• [EXERCISE INSTRUCTIONS] All entries must be repeated exactly. No picture should appear in the result.

• [INFORMATION SUPPLIED]
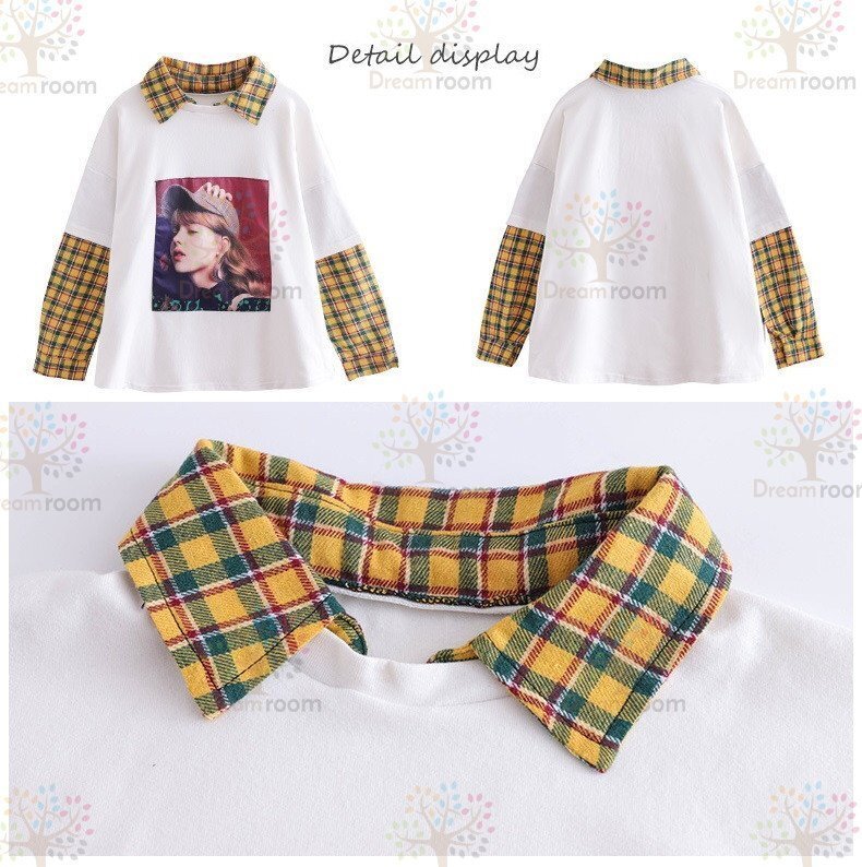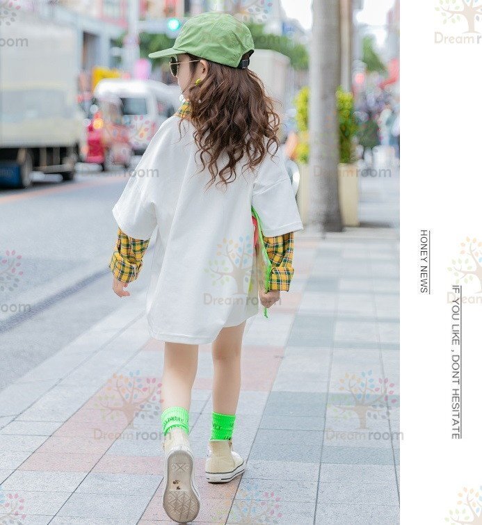 kids タータンチェック シャツ重ね着風 トップス 【110cm】ホワイト 女の子 ロンT 学生 秋服 長袖 K-418bk
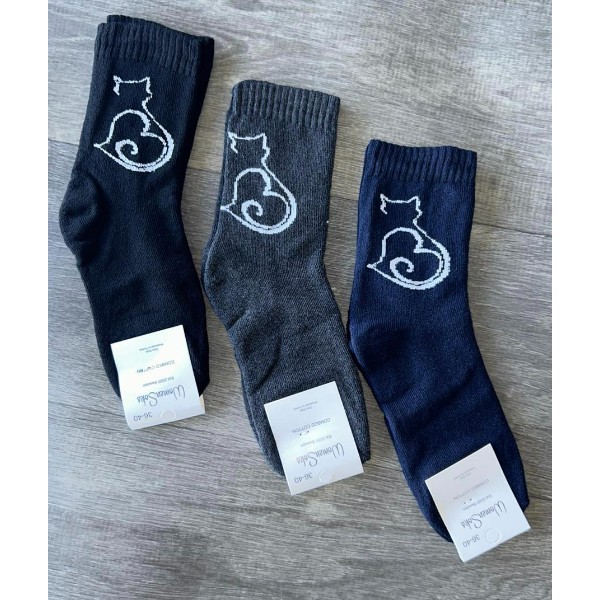 Жіночі махрові шкарпетки прикрашені милим малюнком кота у вигляді силуету з хвостиком-сердечком. Виготовлені з м’якого махрового матеріалу, вони чудово утримують тепло та створюють максимальний комфорт у холодну пору року. Еластичний верх щільно фіксує шкарпетку на нозі, не здавлюючи її. Розмір 36–41 універсальний, підходить більшості жінок. Доступні у класичних кольорах: чорний, сірий, темно-синій.
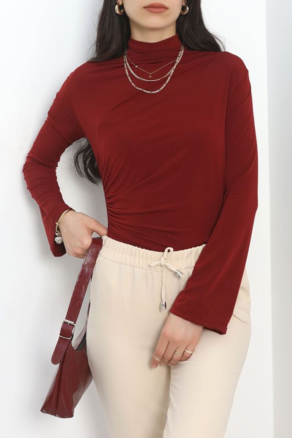 Drape Detaylı Büyük Beden Sandy Bluz Bordo - 70768.1949.
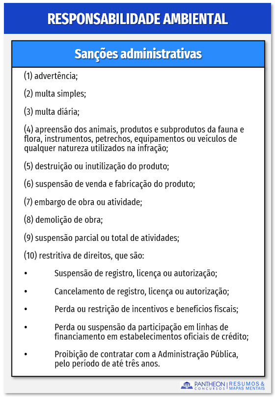 De acordo com o art. 72 da Lei nº 9.605/1998, são 10 (dez) as sanções que podem ser aplicadas pelo cometimento de uma infração administrativa ambiental, a saber:
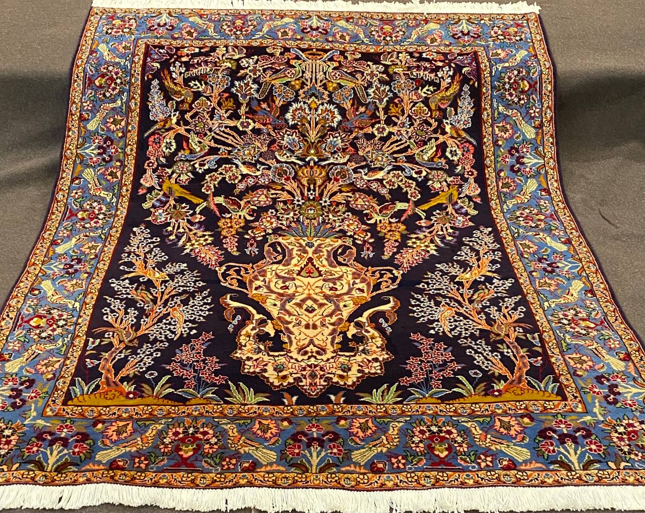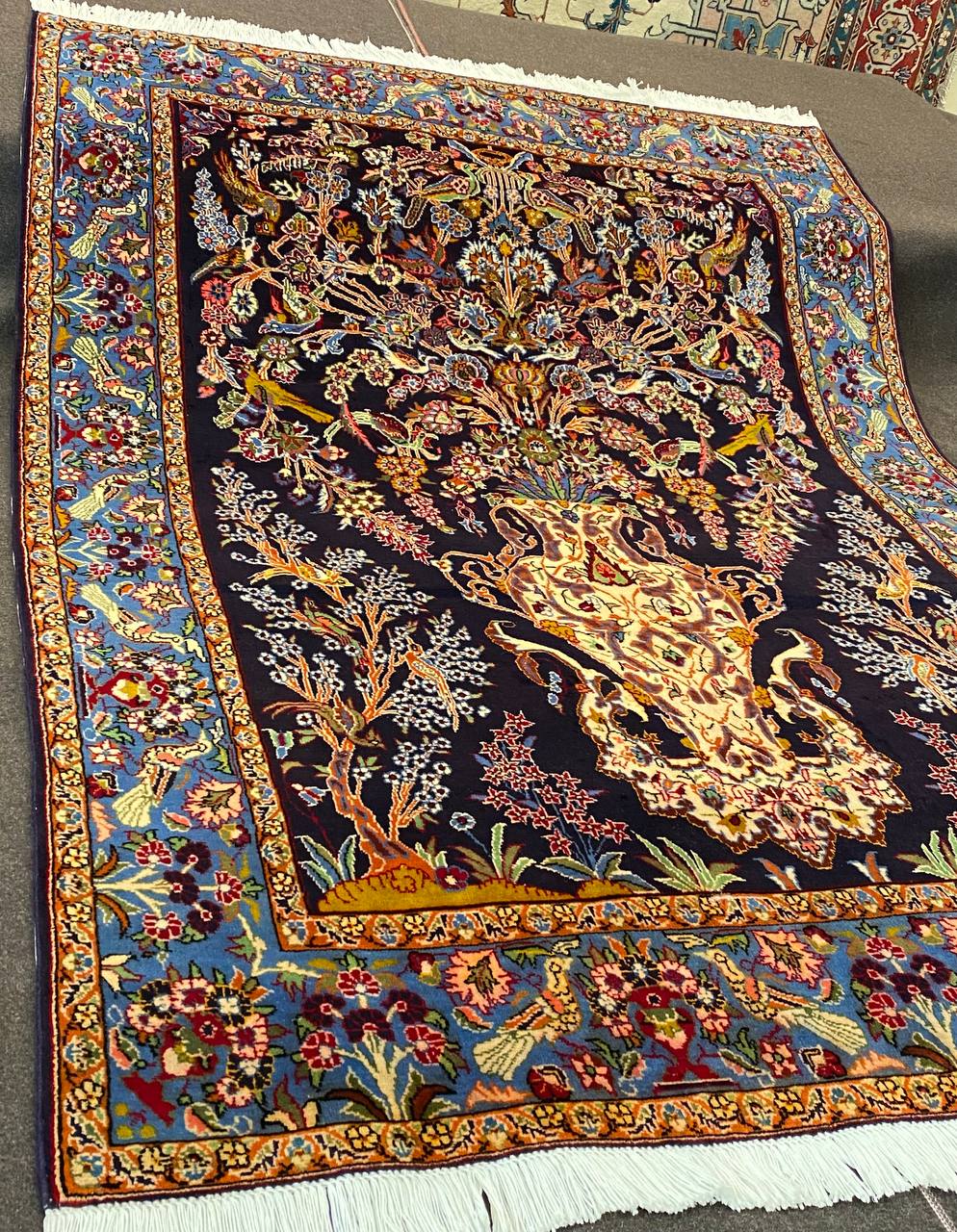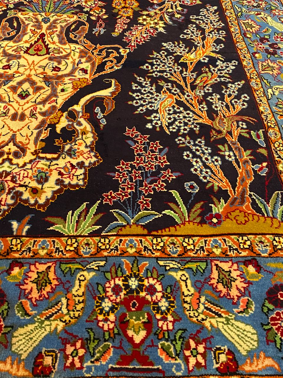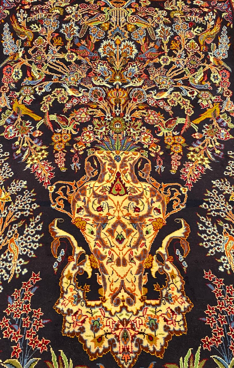 Questo raffinato tappeto, caratterizzato da un fondo blu notte e da un elegante vaso centrale rappresenta una delle espressioni più distintive dell’arte tessile di “Shahresa”. Alla base del tappeto un vaso si erge come una radice nata dalla terra dell’immaginazione. Da esso i fiori si sollevano, i rami si allungano verso l’alto e un giardino unilaterale sboccia lungo il percorso dello sguardo. La tavolozza calda, con tonalità di rosso lacca, crema, verde oliva e turchese mette in risalto l’identità aiutentica di questo manufatto. Questo elegante Shahresa è accompagnato dall’attestato di provenienza e di autenticità.

• [TASK RESPONSE]
 kids タータンチェック シャツ重ね着風 トップス 【110cm】ホワイト 女の子 ロンT 学生 秋服 長袖 K-418bk
 Жіночі махрові шкарпетки прикрашені милим малюнком кота у вигляді силуету з хвостиком-сердечком. Виготовлені з м’якого махрового матеріалу, вони чудово утримують тепло та створюють максимальний комфорт у холодну пору року. Еластичний верх щільно фіксує шкарпетку на нозі, не здавлюючи її. Розмір 36–41 універсальний, підходить більшості жінок. Доступні у класичних кольорах: чорний, сірий, темно-синій.
 Drape Detaylı Büyük Beden Sandy Bluz Bordo - 70768.1949.
 De acordo com o art. 72 da Lei nº 9.605/1998, são 10 (dez) as sanções que podem ser aplicadas pelo cometimento de uma infração administrativa ambiental, a saber:
 Questo raffinato tappeto, caratterizzato da un fondo blu notte e da un elegante vaso centrale rappresenta una delle espressioni più distintive dell’arte tessile di “Shahresa”. Alla base del tappeto un vaso si erge come una radice nata dalla terra dell’immaginazione. Da esso i fiori si sollevano, i rami si allungano verso l’alto e un giardino unilaterale sboccia lungo il percorso dello sguardo. La tavolozza calda, con tonalità di rosso lacca, crema, verde oliva e turchese mette in risalto l’identità aiutentica di questo manufatto. Questo elegante Shahresa è accompagnato dall’attestato di provenienza e di autenticità.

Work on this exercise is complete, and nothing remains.